Data segment:
:::

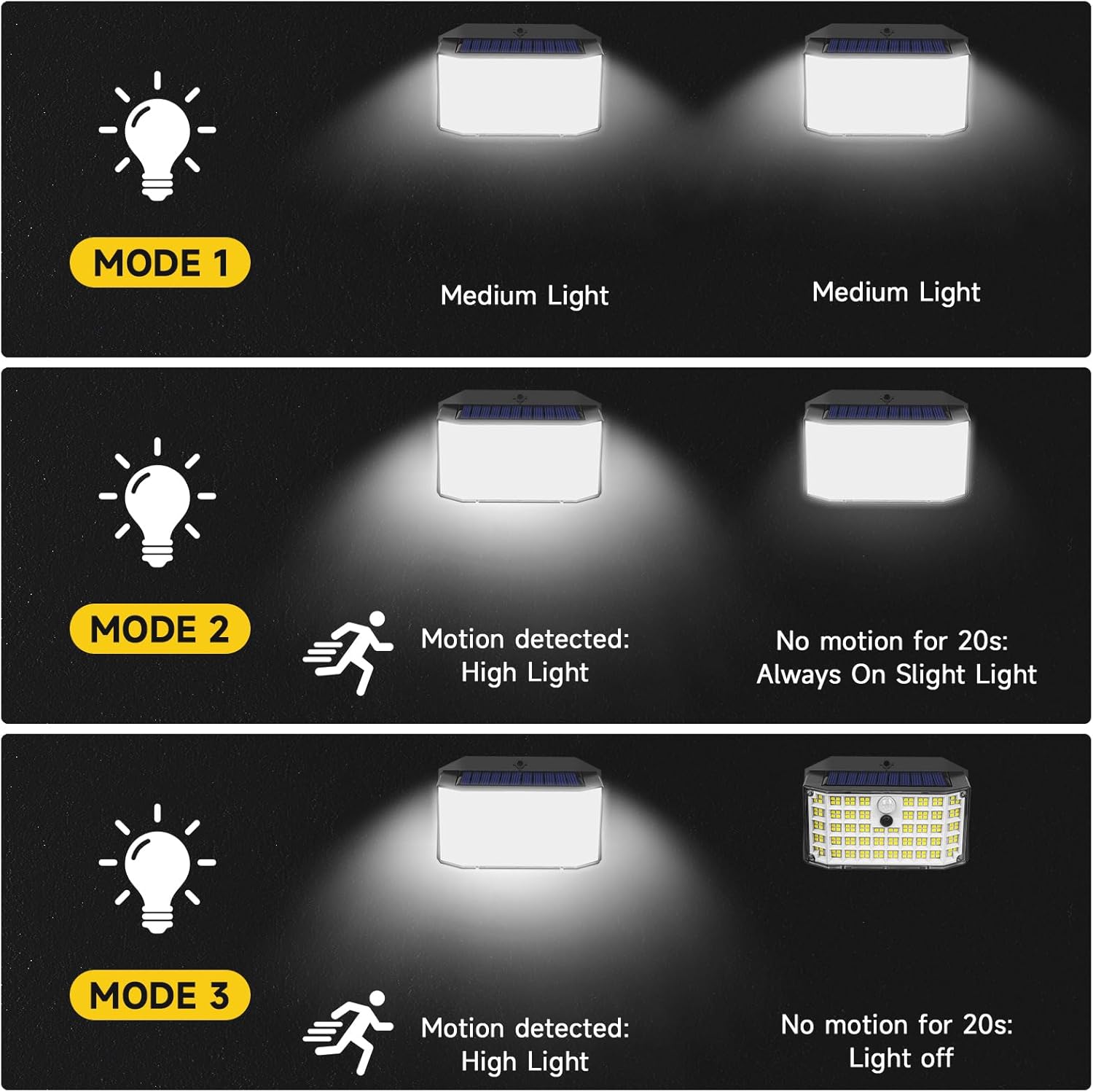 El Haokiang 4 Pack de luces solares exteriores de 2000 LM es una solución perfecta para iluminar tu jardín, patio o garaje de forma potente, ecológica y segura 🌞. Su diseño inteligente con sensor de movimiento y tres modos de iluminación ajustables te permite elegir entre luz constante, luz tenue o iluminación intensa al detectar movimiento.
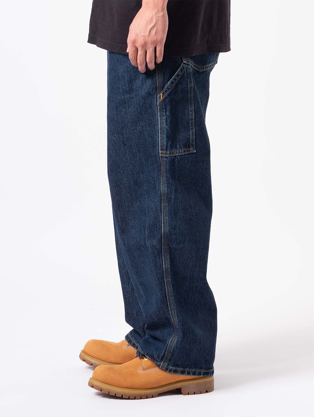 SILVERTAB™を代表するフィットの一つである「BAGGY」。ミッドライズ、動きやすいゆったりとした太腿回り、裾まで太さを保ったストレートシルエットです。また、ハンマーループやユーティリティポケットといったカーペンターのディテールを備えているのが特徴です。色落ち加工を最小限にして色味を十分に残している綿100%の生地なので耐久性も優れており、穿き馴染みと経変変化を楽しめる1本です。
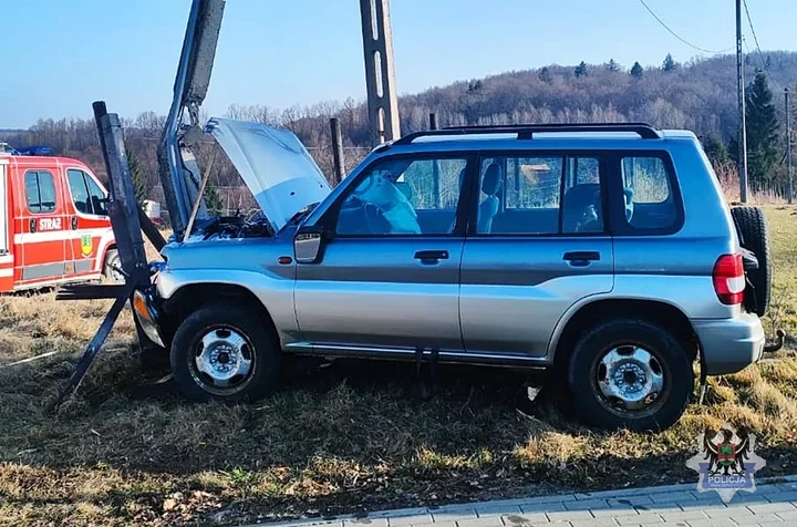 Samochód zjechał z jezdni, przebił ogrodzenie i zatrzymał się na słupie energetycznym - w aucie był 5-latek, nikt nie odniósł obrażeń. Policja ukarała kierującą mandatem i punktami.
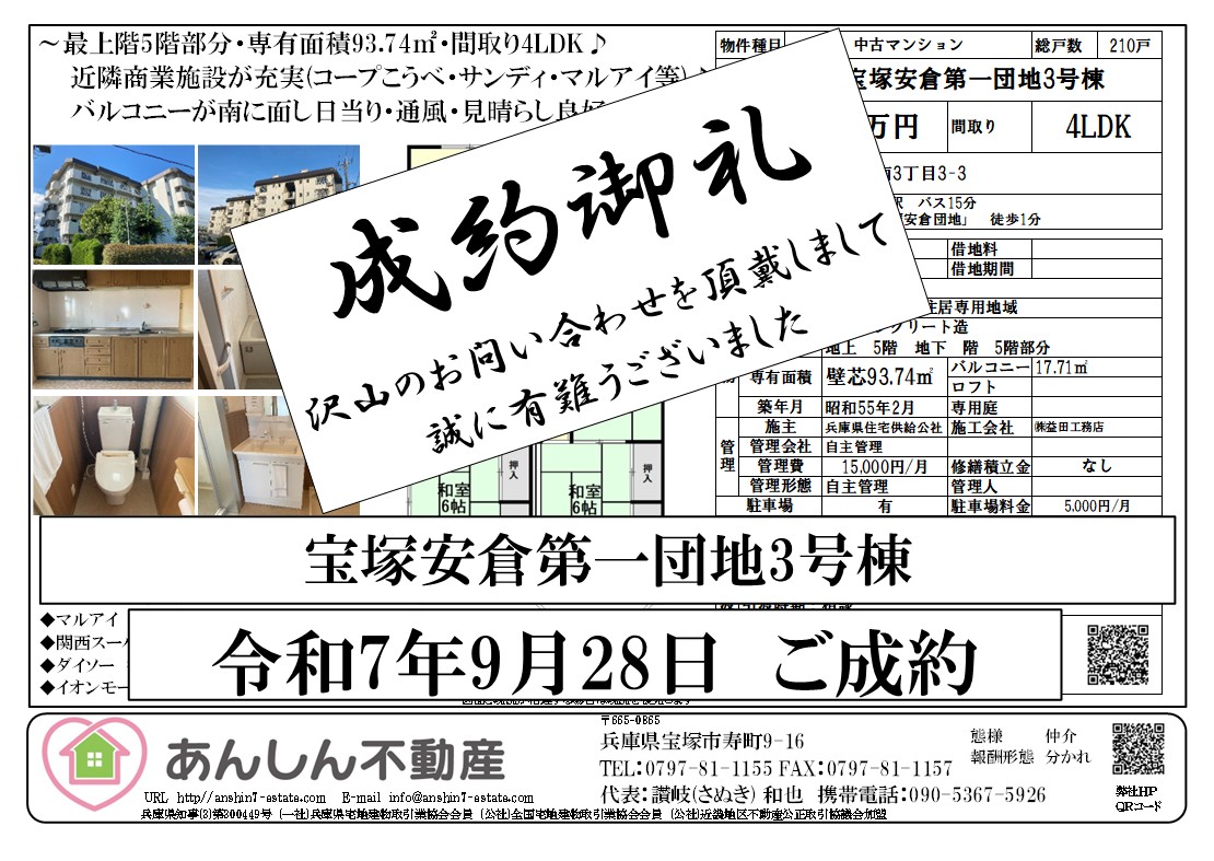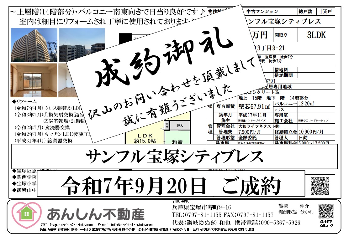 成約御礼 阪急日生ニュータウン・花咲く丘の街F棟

:::

Brief: A verbatim copy of the data, pictures removed, is the expected result.

Result of the task:
 El Haokiang 4 Pack de luces solares exteriores de 2000 LM es una solución perfecta para iluminar tu jardín, patio o garaje de forma potente, ecológica y segura 🌞. Su diseño inteligente con sensor de movimiento y tres modos de iluminación ajustables te permite elegir entre luz constante, luz tenue o iluminación intensa al detectar movimiento.
 SILVERTAB™を代表するフィットの一つである「BAGGY」。ミッドライズ、動きやすいゆったりとした太腿回り、裾まで太さを保ったストレートシルエットです。また、ハンマーループやユーティリティポケットといったカーペンターのディテールを備えているのが特徴です。色落ち加工を最小限にして色味を十分に残している綿100%の生地なので耐久性も優れており、穿き馴染みと経変変化を楽しめる1本です。
 Samochód zjechał z jezdni, przebił ogrodzenie i zatrzymał się na słupie energetycznym - w aucie był 5-latek, nikt nie odniósł obrażeń. Policja ukarała kierującą mandatem i punktami.
 成約御礼 阪急日生ニュータウン・花咲く丘の街F棟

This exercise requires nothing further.